Merge pull request #1288 from NousResearch/hermes/hermes-de3d4e49-pr976

fix: reliably notify gateway users when updates finish
2026-03-14 04:13:13 -07:00
parent b42ee3050e 3126c60885
commit a48ebc68f4
2 changed files with 201 additions and 20 deletions
--- a/gateway/run.py
+++ b/gateway/run.py
@@ -17,6 +17,7 @@ import asyncio
 import logging
 import os
 import re
+import shlex
 import sys
 import signal
 import threading
@@ -674,8 +675,17 @@ class GatewayRunner:
        except Exception as e:
            logger.warning("Channel directory build failed: %s", e)
        
-        # Check if we're restarting after a /update command
-        await self._send_update_notification()
+        # Check if we're restarting after a /update command. If the update is
+        # still running, keep watching so we notify once it actually finishes.
+        notified = await self._send_update_notification()
+        if not notified and any(
+            path.exists()
+            for path in (
+                _hermes_home / ".update_pending.json",
+                _hermes_home / ".update_pending.claimed.json",
+            )
+        ):
+            self._schedule_update_notification_watch()
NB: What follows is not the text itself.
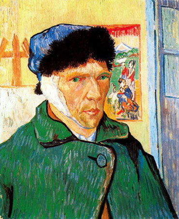 Dans les automutilations sacrificielles, l'aliéné, sous l'empire d'une voix, jette quelque chose hors de soi (arrachement de l'oeil ou de l'oreille, ablation du doigt qui peut être mangé). Le dieu qui se sacrifie ne fait qu'un avec la victime et le sacrificateur. Van Gogh s'altère pour se jeter hors de soi, vomir son être propre. Usant d'une liberté merveilleuse, il porte l'organe tranché à l'endroit qui répugne le plus à la société : une maison de tolérance. Il témoigne ainsi de son amour pour l'objet méprisé et jette sa haine et son dégoût à la figure de ceux qui gardent de leur vie une idée "élevée". [Ici Van Gogh se peint devant une porte entrouverte qui donne sur un tableau en style japonais - réminiscence de Gauguin qui vient de le quitter. Le fond est jaune, contrairement à l'autre tableau peint le même jour sur fond rouge]. |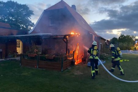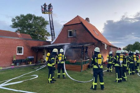 Eine Terrassenüberdachung und darunter befindliche Gartenmöbel sind am frühen Sonntagmorgen an einem Einfamilienhaus in Norddeich in Brand geraten. Anwohner der Molenstraße und Mitarbeiter einer nahegelegenen Bäckerei entdeckten gegen 5.50 Uhr im Morgengrauen die Flammen. Sie eilten zu dem Gebäude und weckten den Bewohner. Dieser hatte zeitgleich einen piependen Rauchmelder in seinem Haus wahrgenommen.

        # Start background session expiry watcher for proactive memory flushing
        asyncio.create_task(self._session_expiry_watcher())
@@ -2714,9 +2724,9 @@ class GatewayRunner:
        """Handle /update command — update Hermes Agent to the latest version.

        Spawns ``hermes update`` in a separate systemd scope so it survives the
-        gateway restart that ``hermes update`` triggers at the end.  A marker
-        file is written so the *new* gateway process can notify the user of the
-        result on startup.
+        gateway restart that ``hermes update`` may trigger at the end. Marker
+        files are written so either the current gateway process or the next one
+        can notify the user when the update finishes.
        """
        import json
        import shutil
@@ -2733,9 +2743,9 @@ class GatewayRunner:
        if not hermes_bin:
            return "✗ `hermes` command not found on PATH."

-        # Write marker so the restarted gateway can notify this chat
        pending_path = _hermes_home / ".update_pending.json"
        output_path = _hermes_home / ".update_output.txt"
+        exit_code_path = _hermes_home / ".update_exit_code"
        pending = {
            "platform": event.source.platform.value,
            "chat_id": event.source.chat_id,
@@ -2743,10 +2753,14 @@ class GatewayRunner:
            "timestamp": datetime.now().isoformat(),
        }
        pending_path.write_text(json.dumps(pending))
+        exit_code_path.unlink(missing_ok=True)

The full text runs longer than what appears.